Many studies have suggested that increasing consumption of watermelon can help decrease the risk of obesity and overall mortality, diabetes, and heart disease. Watermelon also promotes healthier complexions and hair, as well as increasing energy levels.
One cup of diced watermelon (152 grams) contains 43 calories, 0 grams of fat, 2 grams of sodium, 11 grams of carbohydrate (including 9 grams of sugar and 1 gram of fiber) and 1 gram of fiber. One cup ofwatermelon will provide 17% of vitamin A, 21% of vitamin C, 2% of iron and 1% of calcium needs for the day.
Watermelon also contains thiamin, riboflavin, niacin, vitamin B-6, folate, pantothenic acid, magnesium, phosphorus, potassium, zinc, copper, manganese, selenium, choline, lycopene and betaine. According to the National Watermelon Promotion Board, watermelon contains more lycopene than any other fruit or vegetable.
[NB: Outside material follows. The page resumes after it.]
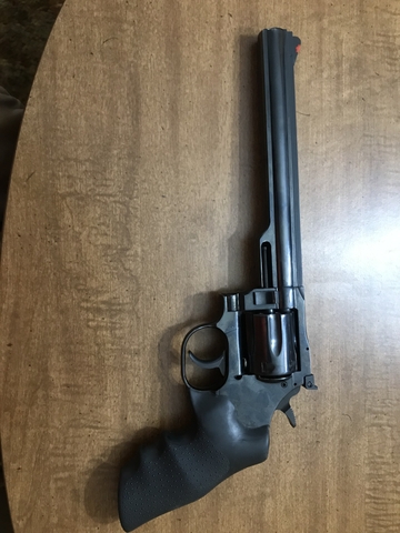 Up for sale is a Dan Wesson 15-2 357 mag with 8 inch barrel. Has hogue grips on it right now, but does come with original wood set. Leather holster goes as well.

Here are a few of the benefits adding a cup or two of watermelon daily to your diet will bring:
Asthma prevention: The risks for developing asthma are lower in people who consume a high amount of certain nutrients. One of these nutrients is vitamin C, found in abundance in watermelon.
Blood pressure: A study published by the American Journal of Hypertension found that watermelon“reduced ankle blood pressure, brachial blood pressure and carotid wave reflection in obese middle-aged adults with prehypertension or stage 1 hypertension”.
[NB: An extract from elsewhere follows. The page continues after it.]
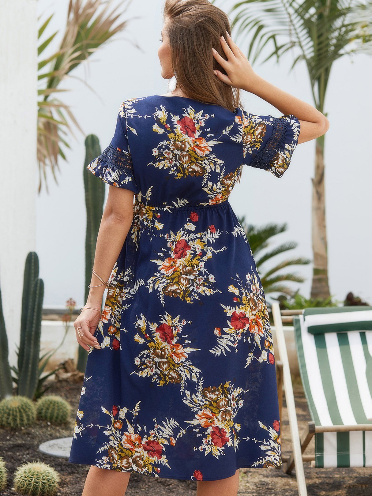 Material:PolyesterNeckline:V-NeckSeason:Spring,SummerSleeves:Short SleevesPattern:Floral PrintStyle:Vacation StyleDetail:Crochet Lace Embellished ,Self-Tie DesignLength:MidiFit:Regular FitSleeves Type:Ruffle SleevesOccasion:Vacation

The study also showed that watermelon consumption improved arterial function.
Cancer: An excellent source of the antioxidant vitamin C, as well as others, watermelon can help combat the formation of free radicals known to cause cancer. Lycopene intake, for example, has been linked to a decreased risk of prostate cancer prevention in several studies.
Digestion and regularity: Watermelon, because of its water and fiber content, helps to prevent constipation and promote regularity for a healthy digestive tract.
Hydration: Made up of 92% water and full of important electrolytes, watermelons are a great snack to have on hand during the hot summer months to prevent dehydration.
Inflammation: Choline is a very important and versatile nutrient that aids in sleep, muscle movement, learning and memory. Choline also helps to maintain the structure of cellular membranes, assists in the transmission of nerve impulses, and helps in the absorption of fat. Choline can also alleviate chronic inflammation.
Muscle soreness: Watermelon and its juice have been shown to reduce muscle soreness and improve recovery time following exercise in athletes. Researchers believe this is likely do to the amino acid L-citrulline that watermelon contains.
Skin: Watermelon is fantastic for your skin because it contains vitamin A, a nutrient required for sebumproduction that keeps hair moisturized. Vitamin A is also necessary for the growth of all bodily tissues, including skin and hair.